The starter’s pages and any seed content live in jumpstart.json, in the standard JumpStart format. List the page records first, in the order you want them to appear in the navigation:

{
"name": "My Starter Data",
"description": "Pages + sample content for the starter",
"version": "1.0.0",
"objects": [
{
"collection": "builder-pages",
"id": "home",
"data": { "id": "home", "title": "Home", "route": "/", "template": "index", "draft": false, "nav": true, "data": {} }
},
{
"collection": "builder-pages",
"id": "about",
"data": { "id": "about", "title": "About", "route": "/about", "template": "about", "draft": false, "nav": true, "data": {} }
}
]
}

Each page object maps to a builder-page schema record. Required fields inside data: id, title, template. Useful optional fields: route, draft, nav. The inner data: {} is the page’s free-form JSON data field (exposed at render time as page.data.*) — pass an empty object to satisfy schema validation, or fill it with per-page hero text / CTAs / etc. The schema also supports description, image, status, redirectTo, sitemap, changeFrequency, and priority — set them per page in the jumpstart if you want them pre-populated.

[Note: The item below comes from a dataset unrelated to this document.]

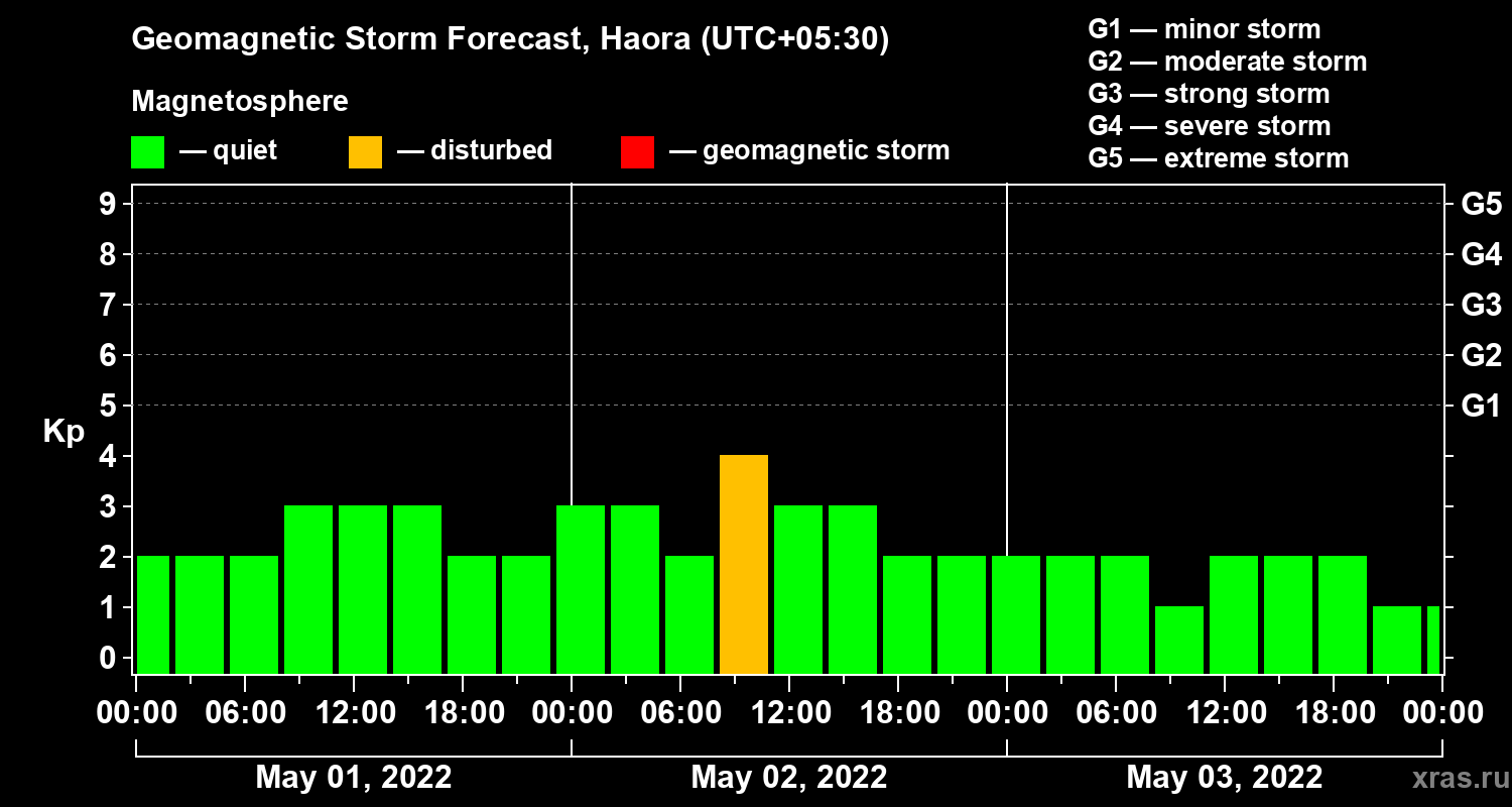 Geomagnetic storm forecast in Haora for May 01, 2022

Page order in the admin sidebar follows the order of objects in jumpstart.json (the page router preserves insertion order in the collection index).

To install supporting schemas, collections, or other objects (e.g. a services collection alongside the pages), use the standard JumpStart sections — schemas, collections, and additional objects for non-page records. See the business starter for a worked example.

Organize templates in the standard directory structure:

my-starter/
manifest.json
jumpstart.json
layouts/
default.twig
pages/
index.twig
about.twig
partials/
nav.twig
footer.twig

Files are copied directly to tcms-data/builder/{category}/. Page templates use {% extends 'layouts/default.twig' %} directly — there’s no layout field on pages.